I don't normally pay a lot of attention to the iTunes updates that get emailed to me; I'm still too fond of physical media, for reasons ranging from security to tactile appreciation to appreciation for things like liner notes. The indication that the first novel in Ian Fleming's James Bond series, Casino Royale, was available as a free download for the iBooks app did catch my eye, however. As any right-thinking adolescent male would be, I'm a bit of a Bond afficionado, but I've never read any of the books, nor made any use of the iBooks app.
Before even getting to the content, however, I was struck by the stylish cover designs, presented in a brilliantly consistent "007" motif, with striking colours and minimalist elements conveying the specifics of the particular adventure. A bowler hat centered on gradiated gold for Goldfinger, or a silhouetted martini resting on the back of a playing card, itself surround by the green baize of a baccarat table for Casino Royale.
The iBooks app uses an ersatz bookshelf to display the books in your collection, similar to the manner in which your magazine subscriptions are displayed in the Newsstand app where my Maclean's subscription resides. The urge to throw more Bond books on that shelf based purely on aesthetics and a collector's compulsion to fill shelf space wherever possible is undeniable, and I imagine the recent relocation of the Bond collection into the public domain (at least in Canada) is the reason behind the $1.99 pricing that makes this dangerously accessible.

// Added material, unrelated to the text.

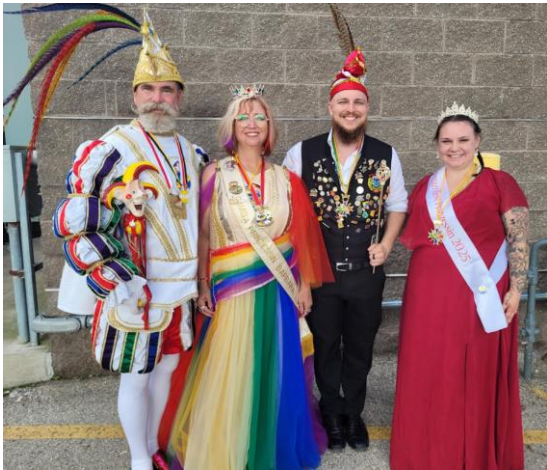
The GAMGA and the very newest Prinzenpaaren!

Reading the books on the iPad seems comfortable enough; crisp, scaleable type, and a brisk page-turning animation that adds familiarity without being too distracting.
When I was waiting for Fenya to come out of her rehearsal last night, I turned the app on to read a few pages in the parking lot of The Jube, and was delighted when the iPad sensed the lack of ambient light in my darkened vehicle, and automatically switched the pages from black-on-white to white-on-black. I'm about a third of the way in, and have found the reading comfortable and intuitive thus far.
As to the novel itself, well, it's a little early to tell, but book-Bond is clearly quite a bit colder and more manipulative than his movie counterpart, but no less suave.
If the Bond of the books wasn't working for Her Majesty's Secert Service, his hobby would be torturing small animals while waiting for his next random victim to present him or her self. He's a psychopath.